# Formatting Data (dates)

It is very common to find dates (some combination of year, month, day of week and time) in data that is collected in real time (and other that organize event information.

Let's see a data frame that comes with dates from an API.

In [None]:
import pandas as pd
from sodapy import Socrata

client = Socrata("data.seattle.gov", None)

results = client.get("kzjm-xkqj", limit=2000)

# Convert to pandas DataFrame
calls911 = pd.DataFrame.from_records(results)
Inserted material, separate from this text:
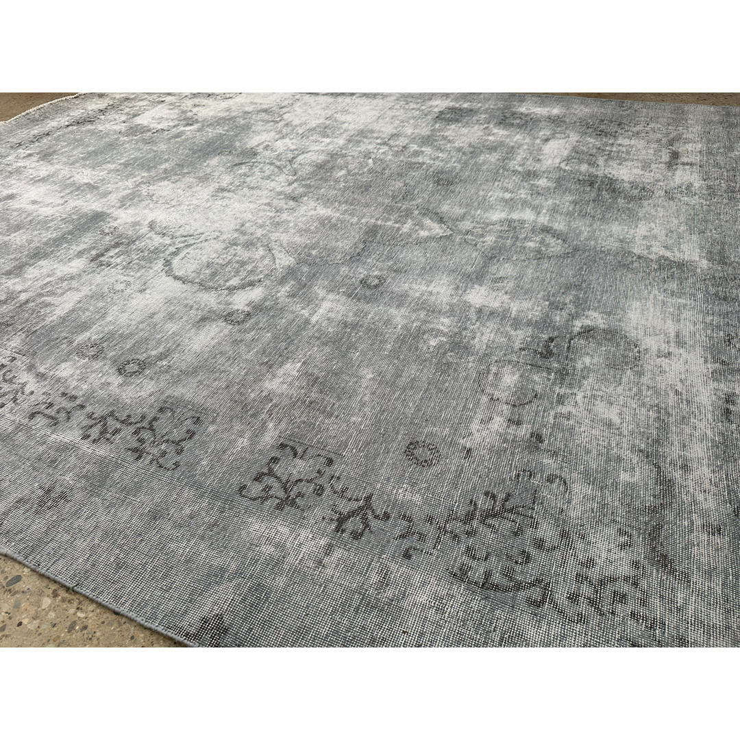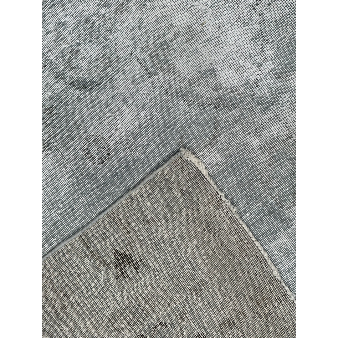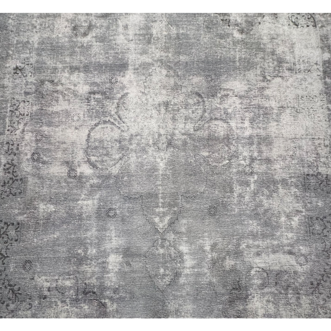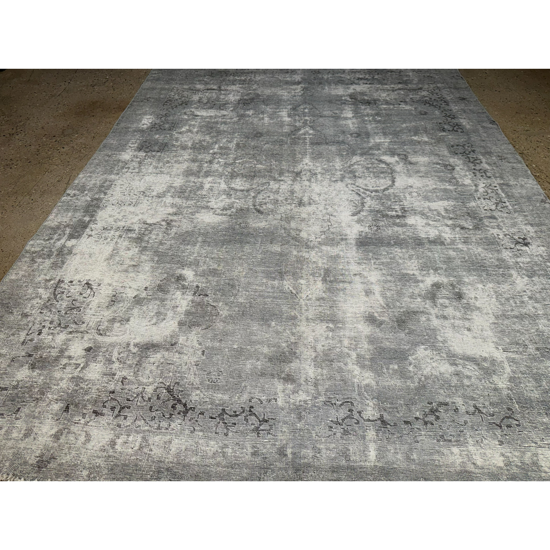 Measuring nearly 9×12 feet, this heavily distressed vintage Persian rug provides a highly versatile, luminous foundation for contemporary or minimalist residential projects. The intentionally shorn pile and faded color palette features a beautiful, low-contrast blend of silver, pale ash, and soft grey, accented by only the faintest whispers of charcoal within the central medallion shadow. The rug’s signature distressed finish creates an ethereal, textural aesthetic that feels artistic yet comfortable. Offering a serene and polished look, this piece pairs exceptionally well with natural white oak floors, crisp architectural plaster, and light linen upholstery.

Let's check some information:

In [None]:
calls911.info()

Let's get rid of some columns:

In [None]:
calls911=calls911.iloc[:,:7]

Let's check the column _datetime_:

In [None]:
calls911.datetime.head()

In [None]:
# then
type(calls911.datetime[0])


The date and time information is not useful at this time, that is, the information it offers is of limited use, as it is just a string. 

Let's make it useful:

In [None]:
calls911.datetime=pd.to_datetime(calls911.datetime,format='%Y-%m-%d')
calls911.info()

Once you have this data type, you can retrieve important information:

In [None]:
calls911['date']=calls911.datetime.dt.date
calls911['year']=calls911.datetime.dt.year
calls911['month']=calls911.datetime.dt.month_name()
calls911['weekday']=calls911.datetime.dt.day_name()
calls911['hour']=calls911.datetime.dt.hour

In [None]:
calls911.head()

Let's create a new column with what we have. In this case, a boolean where you tell if it is night time (after 8 pm before 6 am):

In [None]:
calls911['nightTime']=((calls911['hour']<=6) | (calls911['hour']>=20))

Let's save what we have:

In [None]:
import os

where=os.path.join('DataFiles','calls911.pkl')
calls911.to_pickle(where)